We looked into this at Modal! We put out vGPUs but didn't see demand and our internal benchmarks for MPS and Green Contexts didn't indicate a big win.

The tricky thing here is that many GPU workloads saturate at least one of the resources on the GPU -- arithmetic throughput, memory bandwidth, thread slots, registers -- and so there's typically resource contention that leads to lowered throughput/increased latency for all parties.

And in a cloud (esp serverless/auto-scaling) computing context, the variety of GPU SKUs means you can often more easily right-size your workload onto whole replicas (on our platform, from one T4 up to 8 H100s per replica).

freeqaz•1mo ago

How fast are modern GPU boxes able to spin up these days? Loading in a massive blob of weights into VRAM feels like it's gotta be the bottleneck even if server provisioning is fast.

Or am I naive and my knowledge is outdated? I am genuinely curious what people see and what providers are capable of in 2025.

mountainriver•1mo ago

There is some recent work to make the model loading significantly faster by InferX. They are claiming to be able to load the a 7b in under 2 seconds.

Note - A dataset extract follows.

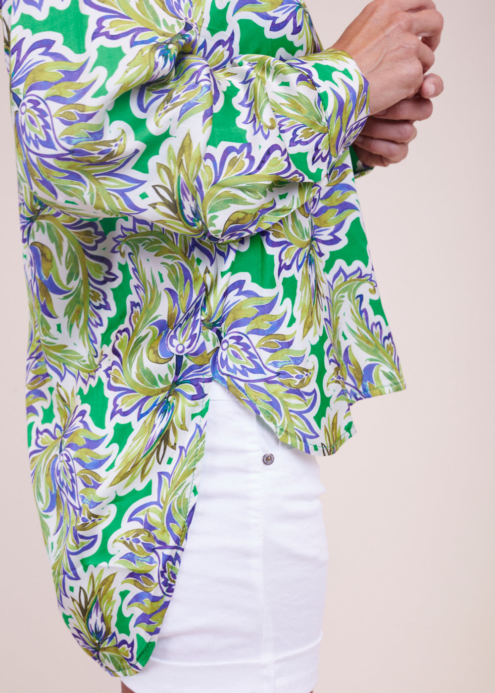 Umwerfende Tunikabluse im frischen All-Over-Print. Die Bluse hat einen Hemdblusenkragen und eine durchgezogene Knopfleiste. Die Schultern sind leicht überschnitten. Besonders schön in Kombination mit der passenden Hose und ein echtes Must-Have für den Sommer dank des leichten Stoffes. Die langen Ärmel werden mit einem Knopf verschlossen.

I haven’t tried it but if that’s the case it’s a game changer

charles_irl•1mo ago

We've talked to them and there's some impressive technology there!

tedivm•1mo ago

Once you have the models on local storage you can move pretty quickly from there to VRAM, I've never found that to be the biggest bottleneck. The problem is provisioning itself, especially if you have to actually move models locally. Some of this can be avoided with extremely expensive networking (infiniband to a NAS with model weights), but that's not something you're going to have fun dealing with in a cloud environment.

It might help to remember that the training process is essentially a game of "how fast can we shove data into these GPUs", and having a GPU sit idle because the data can't get into it fast enough is a challenge people have been tackling since at least the P100 series. This has resulted in improvements on the GPUs as well as all the hardware around them. Getting data into the chips is one of the most efficient processes at this point.

freeqaz•1mo ago

How do Serverless GPU Cloud Providers deal with that then? Do they go down the Infiniband-to-NAS rabbit hole to build all of their infrastructure? Or do they just setup an NVME RAID cache to hold the models locally? (Maybe an LRU? With the system memory also being used?)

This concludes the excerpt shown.